Please output exactly the lines below, starting at the line that has "バンカクラフト「革物語」ブッ" and ending at the line that has "How do I use", both included; leave out all pictures and include nothing else.

---------------

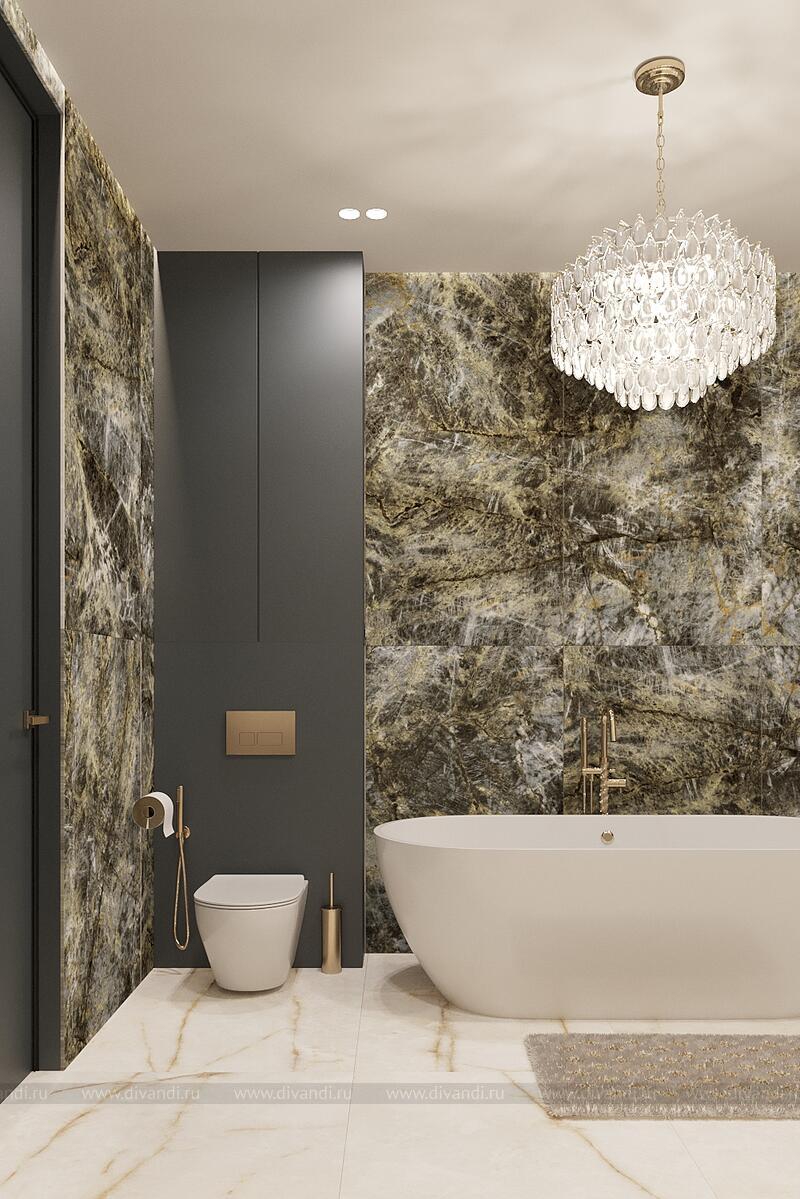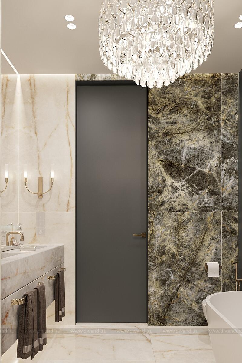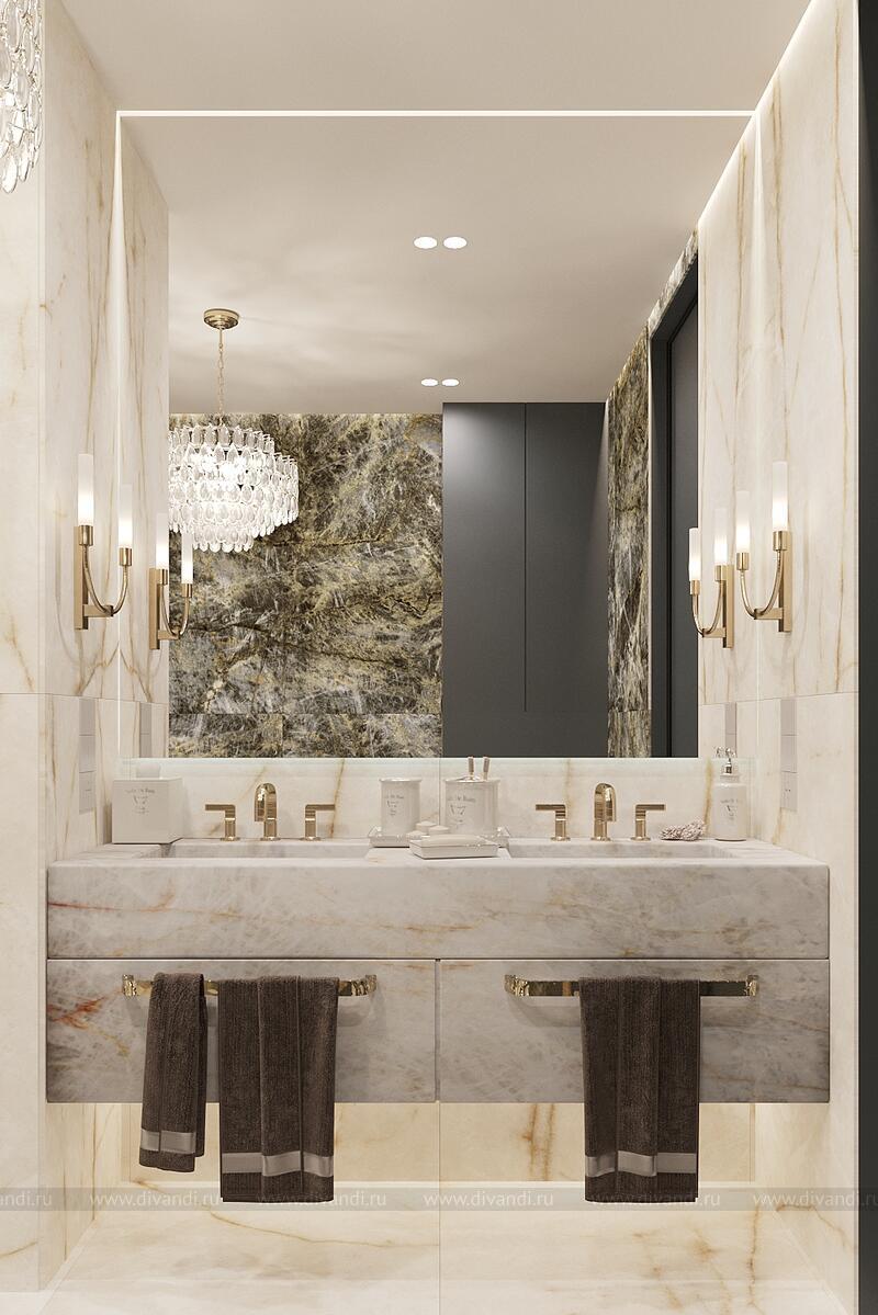 Роскошная ванная комната в современном стиле с элементами классики. Ключевые особенности дизайна:
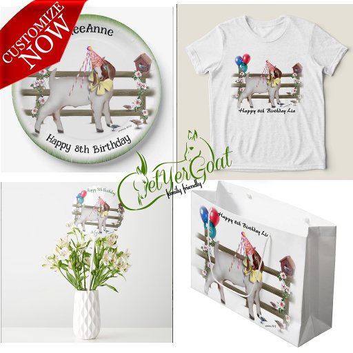 Cette adorable chèvre d'anniversaire boer est prêt pour une fête - avec ballons et un casquette de fête d'anniversaire - parfait pour la fête d'anniversaire de chèvre
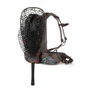 Coated webbing daisy chain, d-ring, and four-way attachments on back panel for various accessories including the Fishpond Net Holster
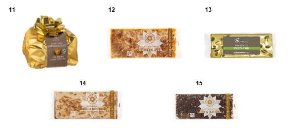 15. Turrón selva negra: 250 gr. Delicioso turrón de chocolate con sabor de tarta selva negra. Disponible próximamente.
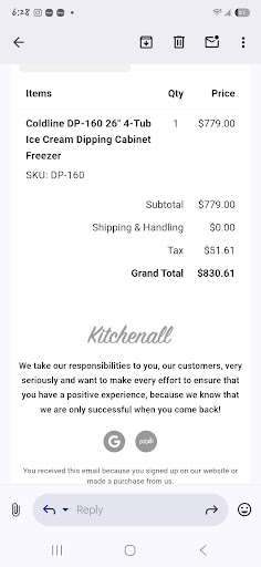 Read moreIf I could give 0 stars, I would. This company informed me a few days ago that our deli case would arrive today between the times of, 9am-10:30am. We arrived to our location at 8:30am. We waited hour, after hour. We called constantly asking for our deli case. The words from each employee, Judy, Cynthia and Victor, said to us, " Just wait 30 minutes more, the driver is on his way." At 11:14, we called again and we asked for a manager which was said to be Victor. Victor, assured us that it would only be 20 more minutes. At 11:41, the driver called our company and said that he was half hour away. We called back to this company and spoke to Steve, which was the head manager, and all Steve could say was, "mistakes happen, and I am sorry." Steve admitted to our company that we should have been informed about our package arriving late, but at no point did Cynthia, Victor or Judy say that our package was not on schedule. Our owner stated to Steve that he should dismiss one of the three employees for the day due to their incompetence for not informimg us about our delivery. Words were said between our owner and Steve. At the end of the conversation, Steve decided to cancel our order at 11:50. And at such moment, our owner decided to say, "drop dead Steve." This response occured because he canceled our order without our concent. We called back asking, how can a manager make a decision for his customers? How can a manager cancel an order without the concent of the customer? Again, all Steve could say was, "I am sorry, mistakes happen." We asked Steve if he would rather lose a customer than just deliever our deli case. And his answer was, nothing is worth the price of an employee and their safety. If Steve had actually listened, then none of this would have occured. To him, he understood everything, yet he canceled the entire order because he felt like we were unsatisfied. How else would we feel? Happy? Like I said, If I could give 0 stars, I would. Whatever happened to customers are always right? We will never order from this company again. Thank you for wasting our time and money. (∩_∩) Oh, just so you know, we ordered one right now from another company that is $200 dollars less and is bigger in length, better and is prettier than the one we had ordered from...
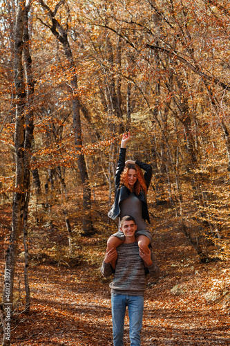 Naklejka premium A young couple in love in the autumn forest
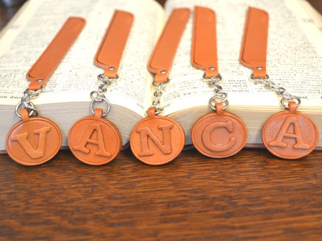 バンカクラフト「革物語」ブックマーカーシリーズ。熟練した職人が一つ一つ手作りしているイニシャルプレート付きの本革製ブックマーカー。文庫本用のブックマーカーです。プレゼントにも喜ばれています!VANCAのこだわり
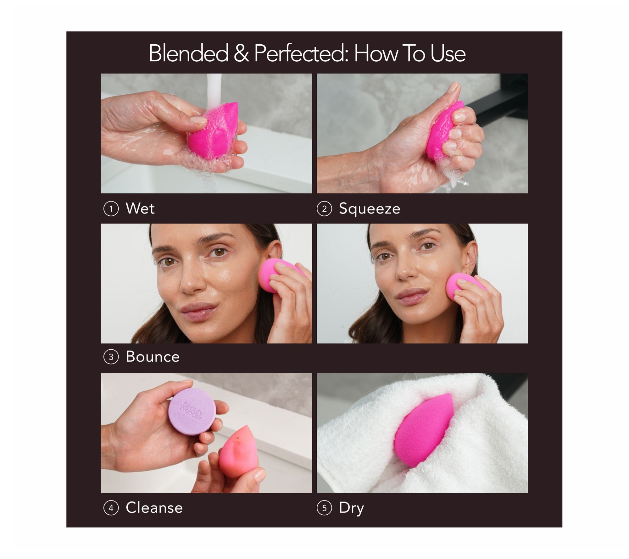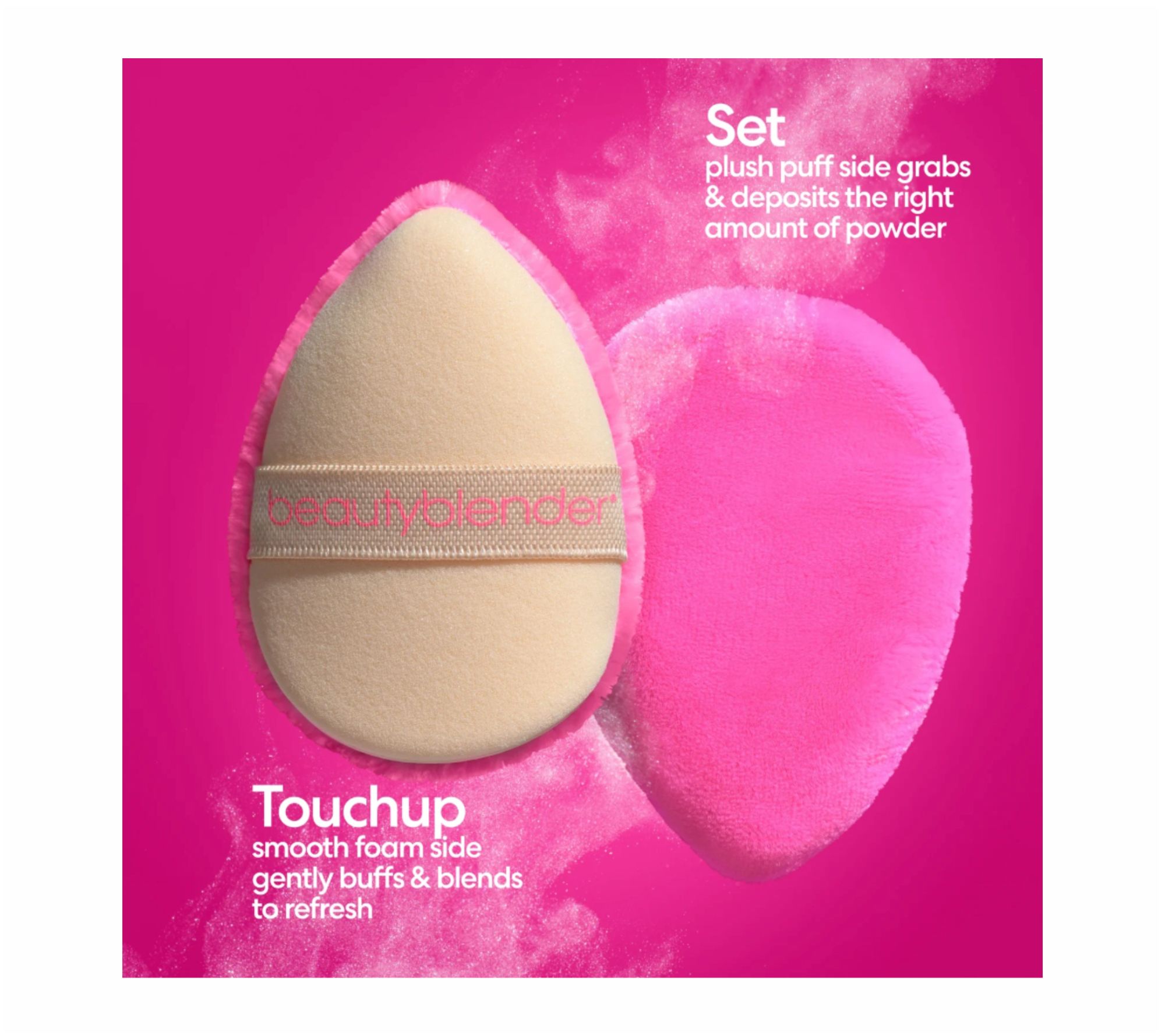 How do I use it: Wet Beautyblender in warm water. Squeeze out excess liquid. Bounce across skin with your favorite complexion or skincare product for a flawless skin-like finish. Cleanse with an ample amount of Blendercleanser. Rinse and blot tools, then allow to dry completely in a clean, well-ventilated area. Use the velour side of the Puff to press powder and lock in makeup. Flip the Puff to blend/refresh throughout the day. Rest hands on puff during application to prevent makeup from smudging.
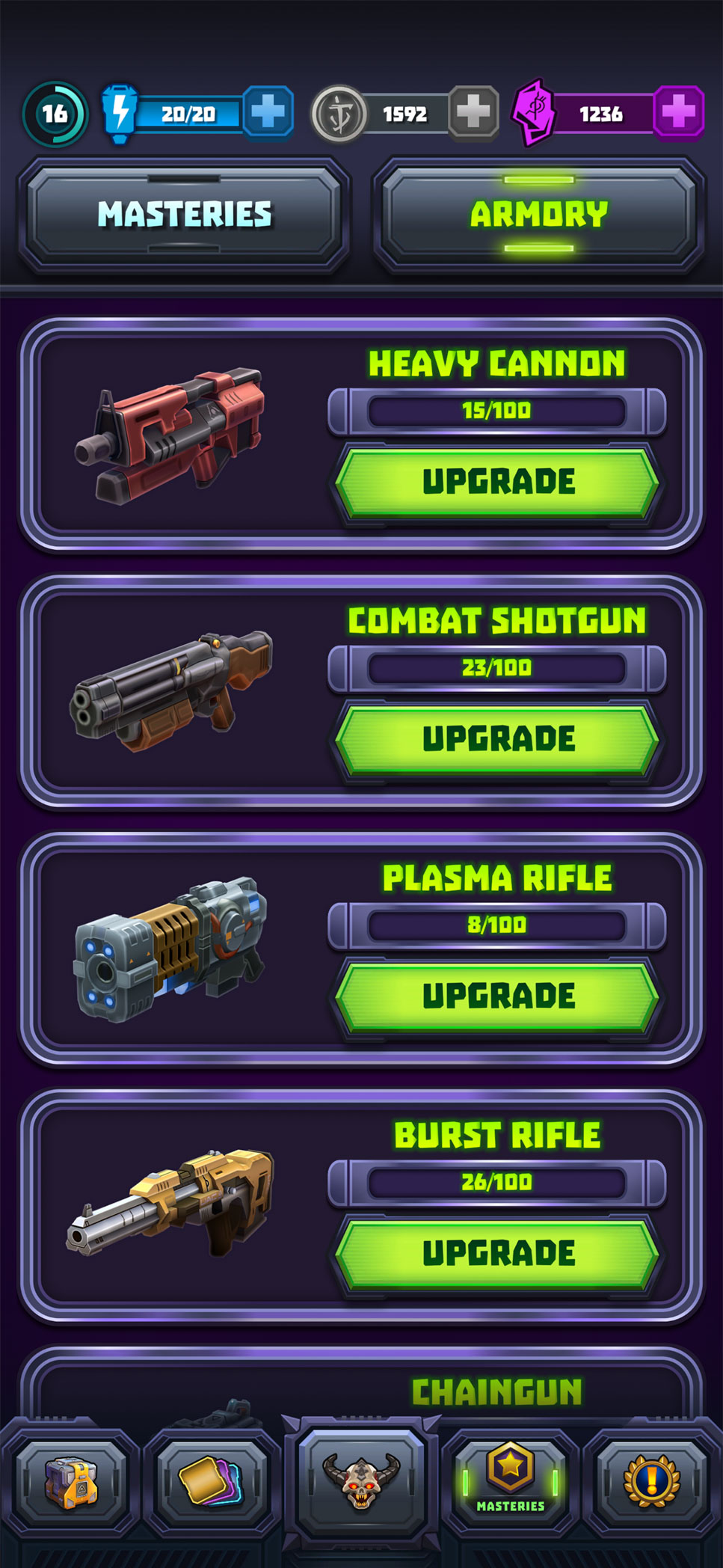 As part of my end-to-end ownership of UI/UX on Mighty Doom, I designed and animated a wide range of motion treatments that support core gameplay systems, reinforce player feedback, and highlight monetization moments in an engaging and on-brand way. All animations were created directly in Unity, and my production-ready animation files were used in the release build, greatly reducing engineering implementation time. These included a microtransaction sale promo for the Weapon Fusion feature that uses motion and particle bursts to draw attention without feeling intrusive; a weapon unlock sequence that combines anticipation-building timing with a clean burst-reveal to make the moment feel rewarding and drive retention; and an armory upgrade complete animation that reinforces progression through short, satisfying motion loops and light-sweep accents to communicate completion and polish. Across all motion treatments, I balanced clarity with visual delight, ensuring animations are performant on mobile, aligned to the DOOM aesthetic, and enhance usability rather than distract from gameplay.
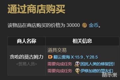 在商人贪吃的莫古姆力处花费30000金币来进行购买。
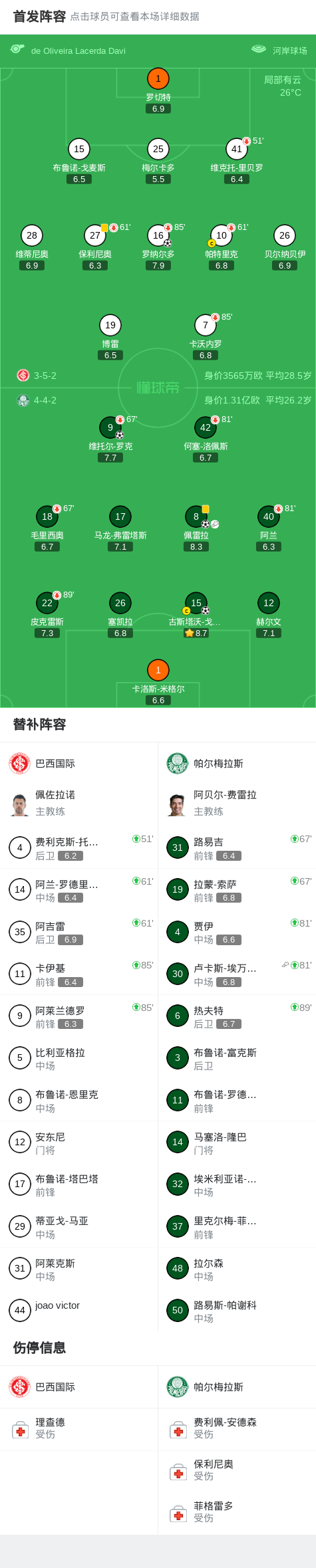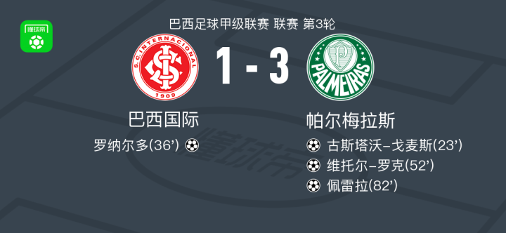 北京时间2月13日巴西足球甲级联赛 联赛 第3轮,巴西国际主场对阵帕尔梅拉斯。巴西国际罗纳尔多破门。帕尔梅拉斯古斯塔沃-戈麦斯破门,维托尔-罗克破门,佩雷拉破门。最终比分巴西国际 1-3 帕尔梅拉斯。
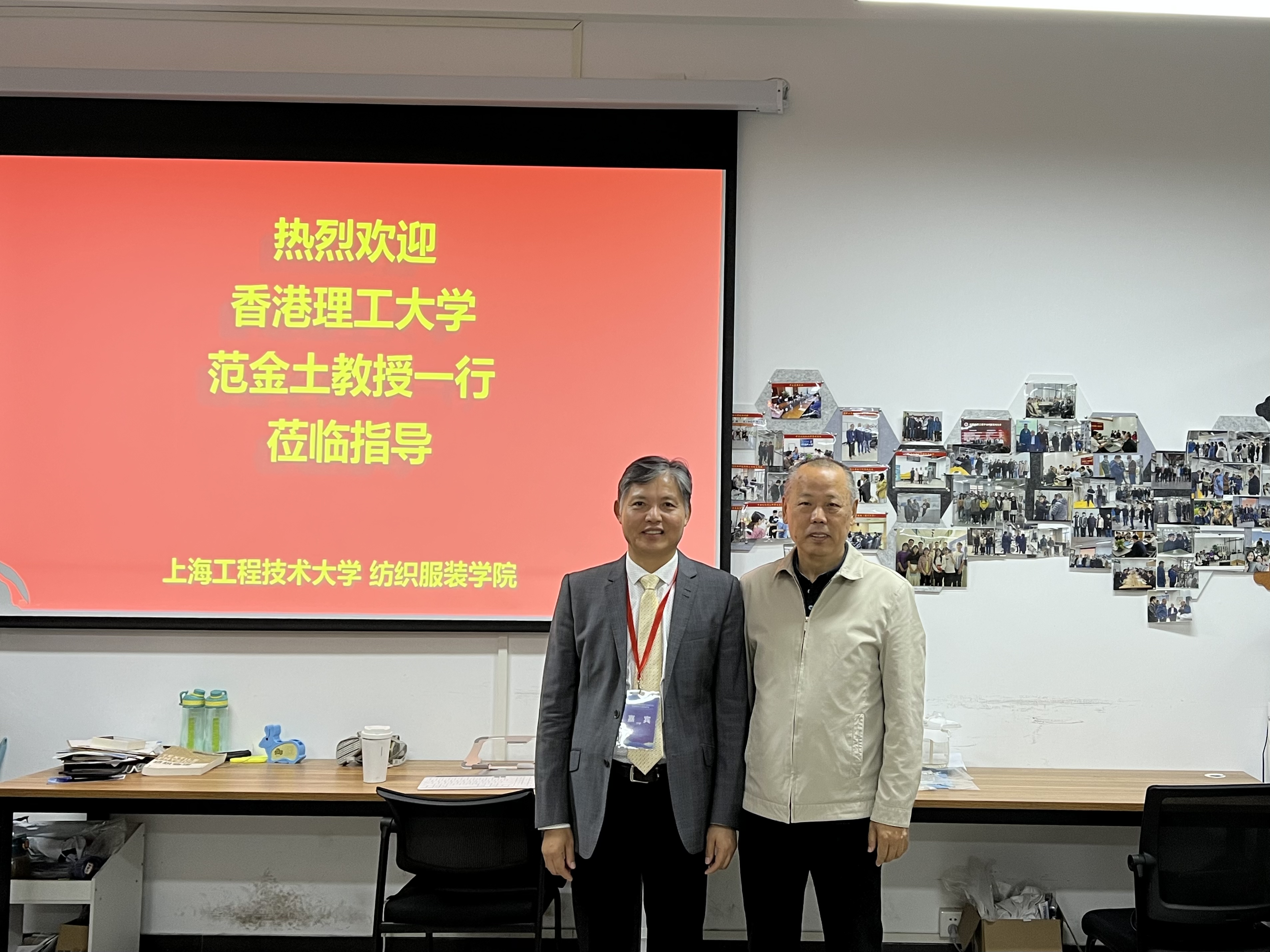 近日,香港理工大学范金土教授一行到访我校ok138cn太阳集团529,参观了纤维材料研究中心,双方就科学研究、人才培养等进行了交流,探讨在纺织科技创新领域寻求新的契合点,进一步加强双方的合作。期间,双方团队对现有的研究成果进行交流与探讨。

---------------

> Expected answer:
 バンカクラフト「革物語」ブックマーカーシリーズ。熟練した職人が一つ一つ手作りしているイニシャルプレート付きの本革製ブックマーカー。文庫本用のブックマーカーです。プレゼントにも喜ばれています!VANCAのこだわり
 How do I use it: Wet Beautyblender in warm water. Squeeze out excess liquid. Bounce across skin with your favorite complexion or skincare product for a flawless skin-like finish. Cleanse with an ample amount of Blendercleanser. Rinse and blot tools, then allow to dry completely in a clean, well-ventilated area. Use the velour side of the Puff to press powder and lock in makeup. Flip the Puff to blend/refresh throughout the day. Rest hands on puff during application to prevent makeup from smudging.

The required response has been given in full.